Analysis will be done separately for each disease and biologic. For example, Crohn's disease treated with infliximab, ulcerative colitis treated with golimumab, and so on. Patient level data of primary and secondary aims will be summarized for each treatment arm (monotherapy, high or low AZA or MTX), and will then be compared by network meta-analysis. This method will allow analyzing, simultaneously, three or more different interventions in one meta-analysis and to confirm the rank of superiority of treatment.
Antibody-based therapies, termed biologics, are highly effective in treating immune disorders. Many patients, however, lose response to treatment due to the development of their own antibodies against the therapy. One method to prevent this problem is the co-administration of a second therapy to depress the immune system, an immunomodulator (IM). The optimal dose of IMs when used with biologics remains unknown. The proposed study will look at the dose of IM and its impact on antibody formation against the biologic as well as the resultant efficacy of that therapy. The results of our study will allow us to better utilize biologic therapy to keep patients in durable, long-term remission.

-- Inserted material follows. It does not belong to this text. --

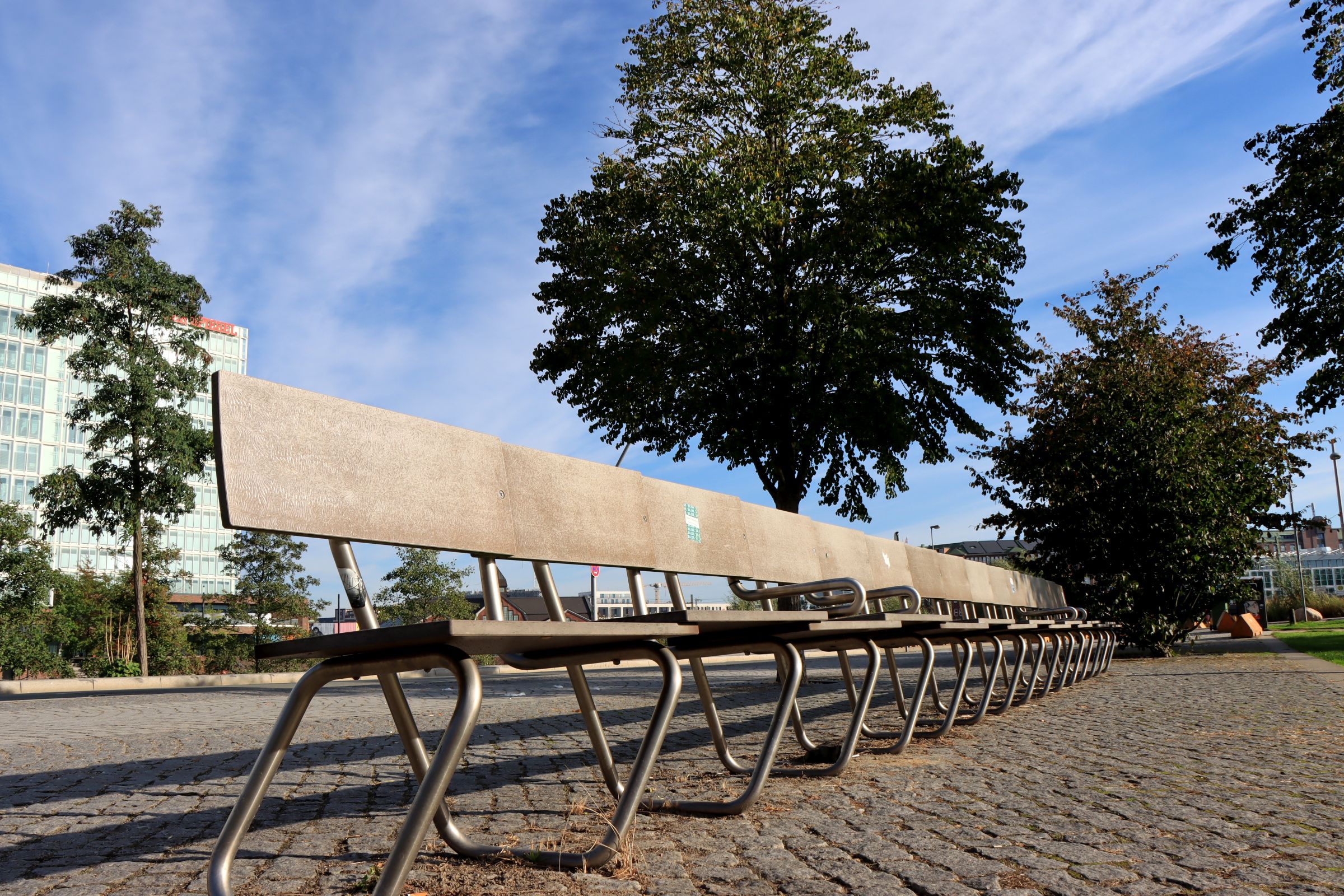 Vor der Abreise am nächsten Morgen habe ich noch eine Runde durch den Lohsepark, gleich neben meinem Hotel, gedreht. Erzählt hatte ich euch schon beim letzten Mal davon. Ich staune immer über diese Andereinanderreihung von Einzelsitzen zu einer Endlossitzbank. Und ganz fotogen zeigt sich schließlich die Ericusspitze. Tschüss Hamburg und mal sehen, vielleicht komme ich ja schon 2022 wieder. Bilder auch von diesen drei Tagen gibt es wieder bei bei Flickr und Google Photos.

Estimated start date April 1, 2015 with analysis completion by October 1, 2015. Manuscript draft and submission by December 1, 2015. Results will be reported back to Yoda following manuscript revisions and acceptance, estimated April 1, 2016.
We expect the data analysis to result in preparation of a manuscript for publication in professional journals. Suitable journals include Gastroenterology, JAMA, or American journal of gastroenterology.
1. Hayes, M. J., Stein, A. C. and Sakuraba, A. (2014), Comparison of efficacy, pharmacokinetics, and immunogenicity between infliximab mono- versus combination therapy in ulcerative colitis. Journal of Gastroenterology and Hepatology: 2014 Jun;29(6):1177-85.